*** RECORDS PROVIDED Section Begins ***
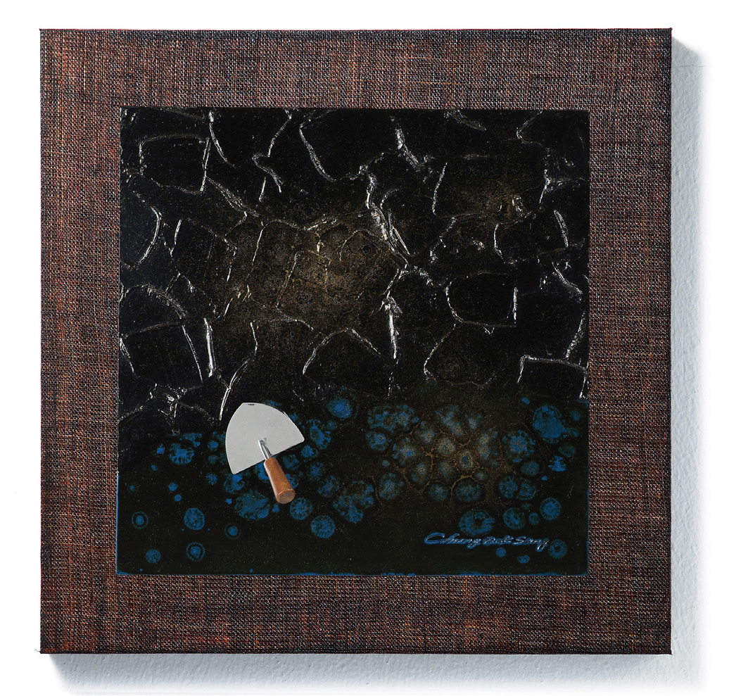 흔적 30×30×5cm, 옻칠, 금분, 흙손
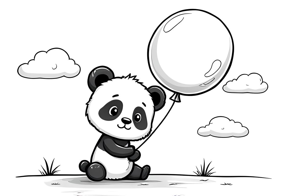 A delightful coloring page featuring a baby panda holding a big balloon, perfect for toddlers' first coloring experience. The large, simple shapes and minimal details make it easy for little hands to color and develop fine motor skills.
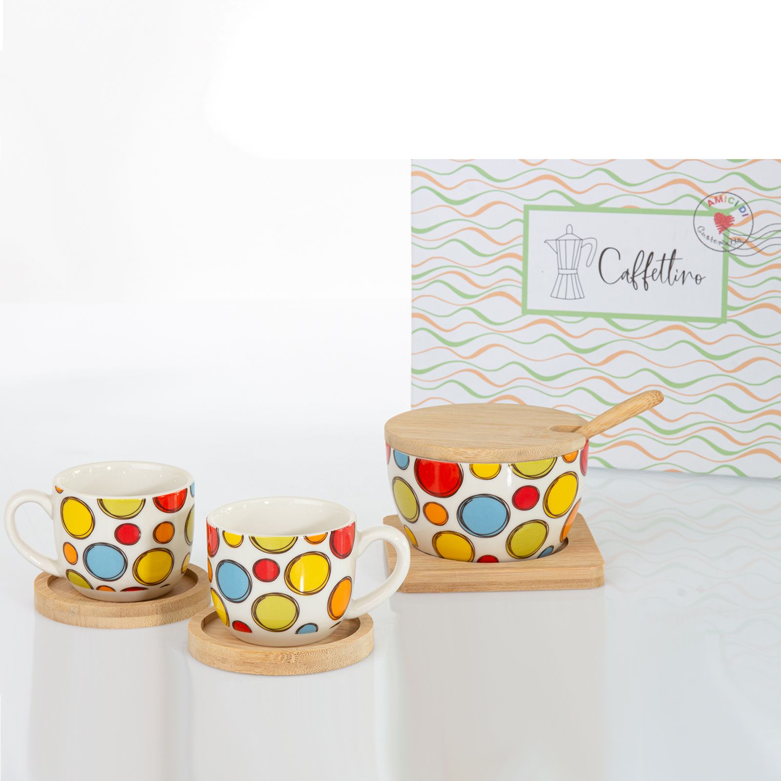 Disponibili per te questi set composti da zuccheriera e tazze in ceramica con piattini, coperchio e cucchiaino in legno naturale. Sia la zuccheriera che le due tazzine sono decorate con una fantasia a bolle colorate nelle tonalità del blu, rosso, verde, arancio e giallo su base bianca.
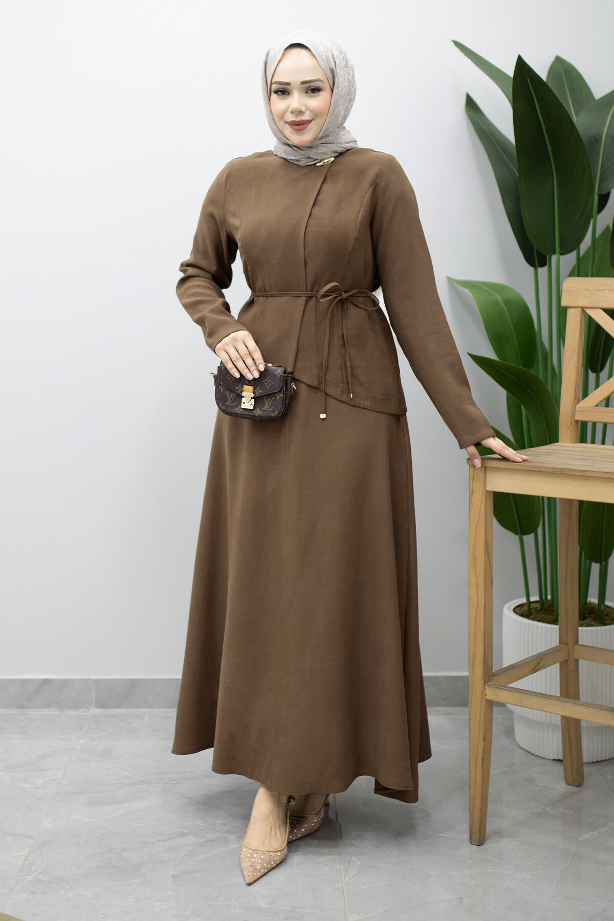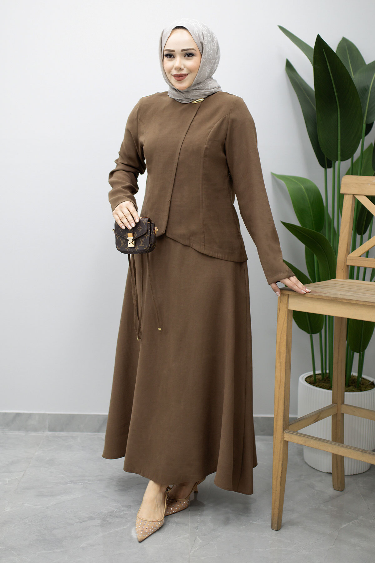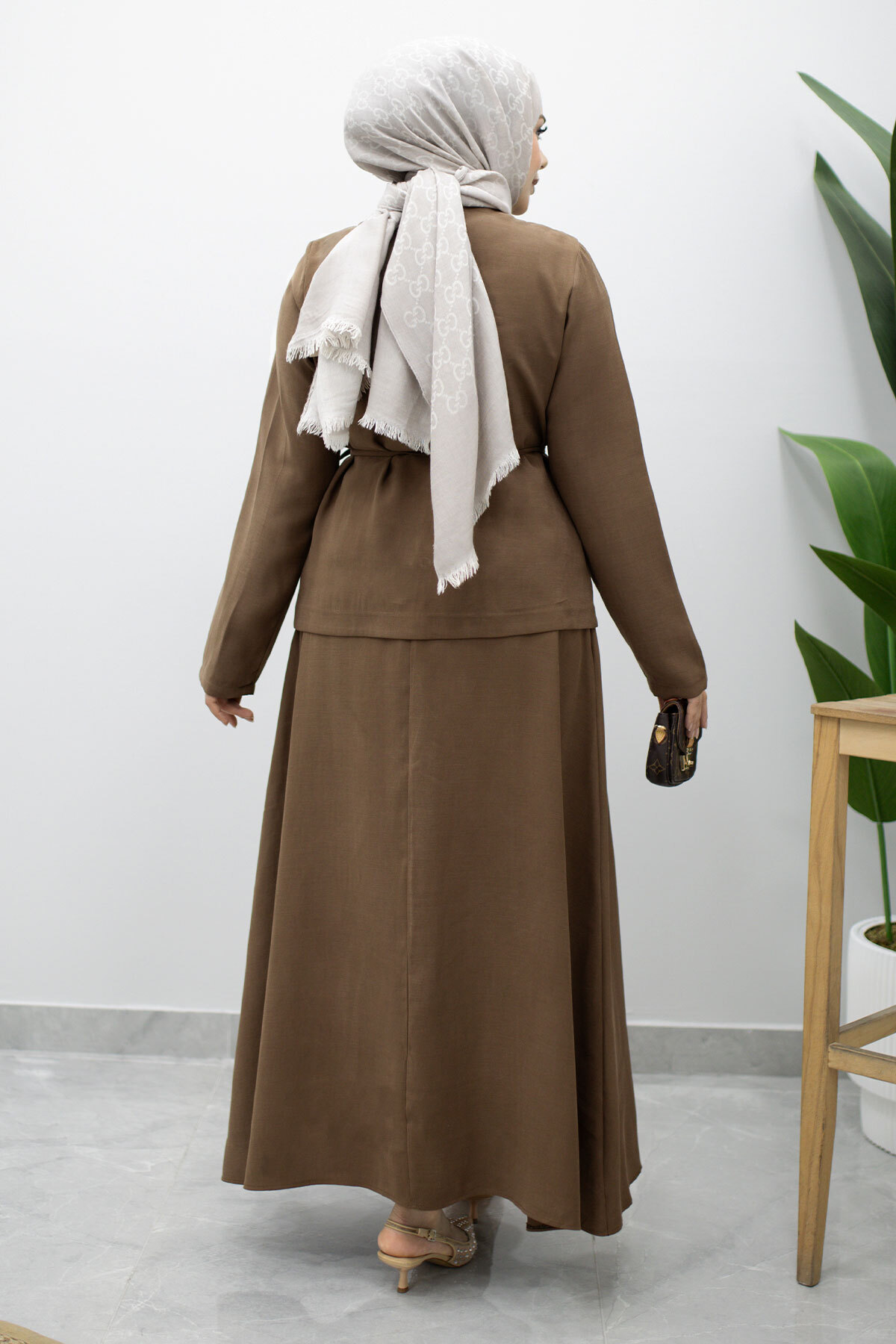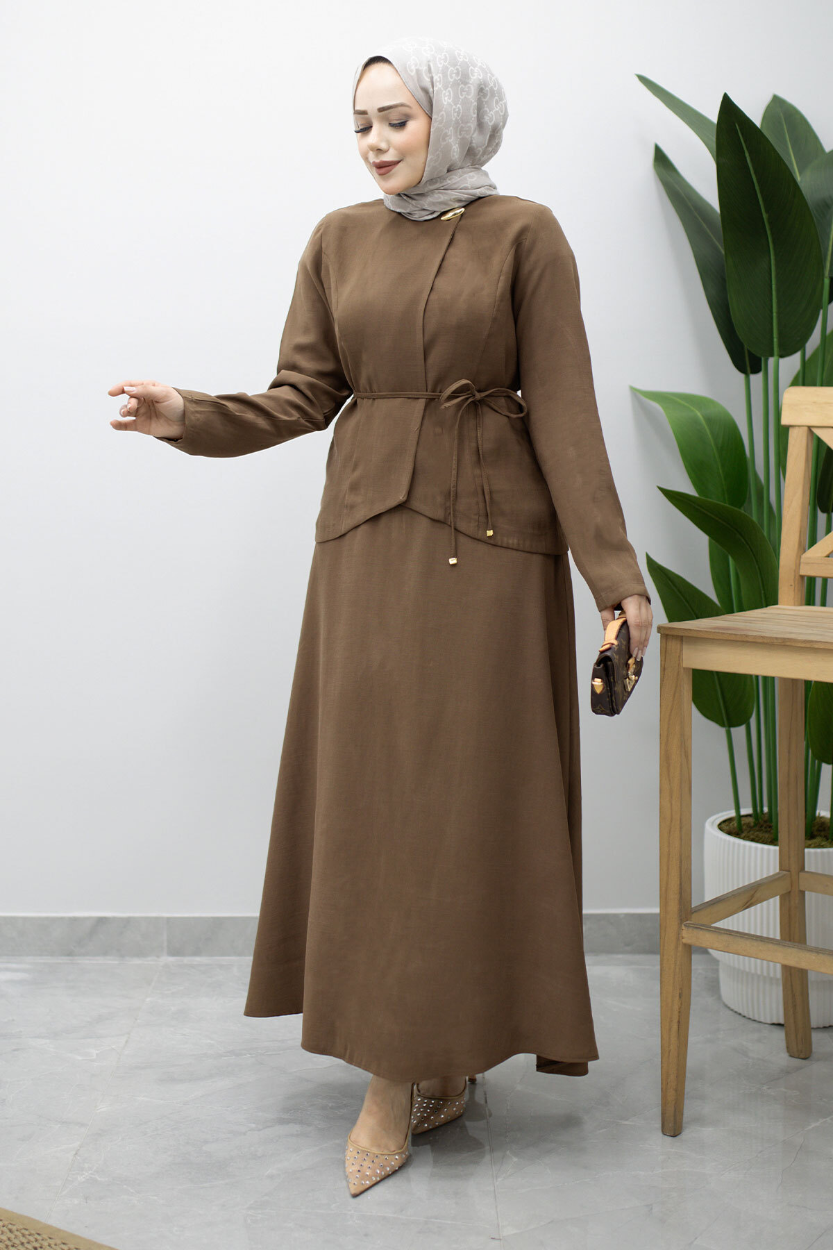 Dikiş Detaylı Düğmeli Etekli Takım TSD260201 Kahverengi
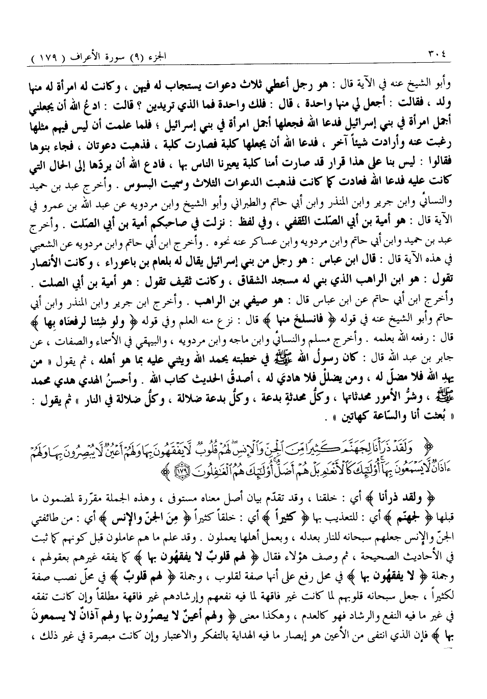 وَأَخْرَجَ ابْنُ أَبِي حَاتِمٍ عَنِ ابْنِ عَبَّاسٍ قَالَ: هُوَ صَيْفِيُّ بْنُ الرَّاهِبِ. وَأَخْرَجَ ابْنُ جَرِيرٍ وَابْنُ الْمُنْذِرِ وَابْنُ أَبِي حَاتِمٍ وَأَبُو الشَّيْخِ عَنْهُ فِي قَوْلِهِ فَانْسَلَخَ مِنْها قَالَ: نُزِعَ مِنْهُ الْعِلْمُ وَفِي قَوْلِهِ وَلَوْ شِئْنا لَرَفَعْناهُ بِها قَالَ: رَفَعَهُ اللَّهُ بِعِلْمِهِ. وَأَخْرَجَ مُسْلِمٌ وَالنَّسَائِيُّ وَابْنُ مَاجَهْ وَابْنُ مَرْدَوَيْهِ، وَالْبَيْهَقِيُّ فِي الْأَسْمَاءِ وَالصِّفَاتِ، عَنْ جَابِرِ بْنِ عَبْدِ اللَّهِ قَالَ: كَانَ رَسُولُ اللَّهِ صَلَّى اللَّهُ عَلَيْهِ وسلم في خُطْبَتِهِ يَحْمَدُ اللَّهَ وَيُثْنِي عَلَيْهِ بِمَا هُوَ أَهْلُهُ، ثُمَّ يَقُولُ «مَنْ يَهْدِ اللَّهُ فَلَا مُضِلَّ لَهُ، وَمَنْ يُضْلِلُ فَلَا هَادِيَ لَهُ، أَصْدَقُ الْحَدِيثِ كِتَابُ اللَّهِ. وَأَحْسَنُ الْهَدْيِ هَدْيُ مُحَمَّدٍ صَلَّى اللَّهُ عَلَيْهِ وَسَلَّمَ، وَشَرُّ الْأُمُورِ محدثاتها، وكلّ محدثة بِدْعَةٌ، وَكُلُّ بِدْعَةٍ ضَلَالَةٌ، وَكُلُّ ضَلَالَةٍ فِي النَّارِ» ثُمَّ يَقُولُ:
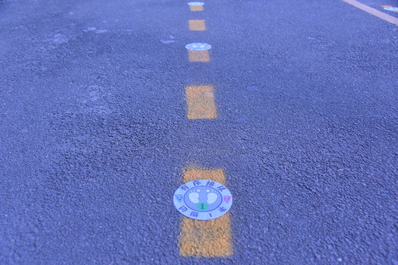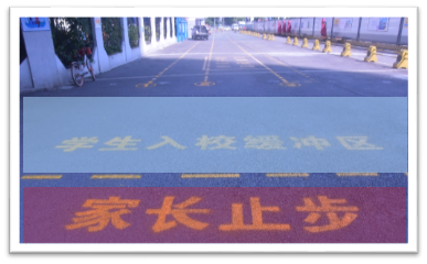 校門口還設(shè)置了,入校緩沖區(qū),家長止步區(qū),三色地貼!請家長們止步!孩子們可以循著地貼,走向?qū)儆谧约旱纳释ǖ溃?/p>
*** RECORDS PROVIDED Section Ends ***
WORK ITEM:
What you return should match the records above word for word, minus the pictures.

RESULT OF THIS TASK:
 흔적 30×30×5cm, 옻칠, 금분, 흙손
 A delightful coloring page featuring a baby panda holding a big balloon, perfect for toddlers' first coloring experience. The large, simple shapes and minimal details make it easy for little hands to color and develop fine motor skills.
 Disponibili per te questi set composti da zuccheriera e tazze in ceramica con piattini, coperchio e cucchiaino in legno naturale. Sia la zuccheriera che le due tazzine sono decorate con una fantasia a bolle colorate nelle tonalità del blu, rosso, verde, arancio e giallo su base bianca.
 Dikiş Detaylı Düğmeli Etekli Takım TSD260201 Kahverengi
 وَأَخْرَجَ ابْنُ أَبِي حَاتِمٍ عَنِ ابْنِ عَبَّاسٍ قَالَ: هُوَ صَيْفِيُّ بْنُ الرَّاهِبِ. وَأَخْرَجَ ابْنُ جَرِيرٍ وَابْنُ الْمُنْذِرِ وَابْنُ أَبِي حَاتِمٍ وَأَبُو الشَّيْخِ عَنْهُ فِي قَوْلِهِ فَانْسَلَخَ مِنْها قَالَ: نُزِعَ مِنْهُ الْعِلْمُ وَفِي قَوْلِهِ وَلَوْ شِئْنا لَرَفَعْناهُ بِها قَالَ: رَفَعَهُ اللَّهُ بِعِلْمِهِ. وَأَخْرَجَ مُسْلِمٌ وَالنَّسَائِيُّ وَابْنُ مَاجَهْ وَابْنُ مَرْدَوَيْهِ، وَالْبَيْهَقِيُّ فِي الْأَسْمَاءِ وَالصِّفَاتِ، عَنْ جَابِرِ بْنِ عَبْدِ اللَّهِ قَالَ: كَانَ رَسُولُ اللَّهِ صَلَّى اللَّهُ عَلَيْهِ وسلم في خُطْبَتِهِ يَحْمَدُ اللَّهَ وَيُثْنِي عَلَيْهِ بِمَا هُوَ أَهْلُهُ، ثُمَّ يَقُولُ «مَنْ يَهْدِ اللَّهُ فَلَا مُضِلَّ لَهُ، وَمَنْ يُضْلِلُ فَلَا هَادِيَ لَهُ، أَصْدَقُ الْحَدِيثِ كِتَابُ اللَّهِ. وَأَحْسَنُ الْهَدْيِ هَدْيُ مُحَمَّدٍ صَلَّى اللَّهُ عَلَيْهِ وَسَلَّمَ، وَشَرُّ الْأُمُورِ محدثاتها، وكلّ محدثة بِدْعَةٌ، وَكُلُّ بِدْعَةٍ ضَلَالَةٌ، وَكُلُّ ضَلَالَةٍ فِي النَّارِ» ثُمَّ يَقُولُ:
 校門口還設(shè)置了,入校緩沖區(qū),家長止步區(qū),三色地貼!請家長們止步!孩子們可以循著地貼,走向?qū)儆谧约旱纳释ǖ溃?/p>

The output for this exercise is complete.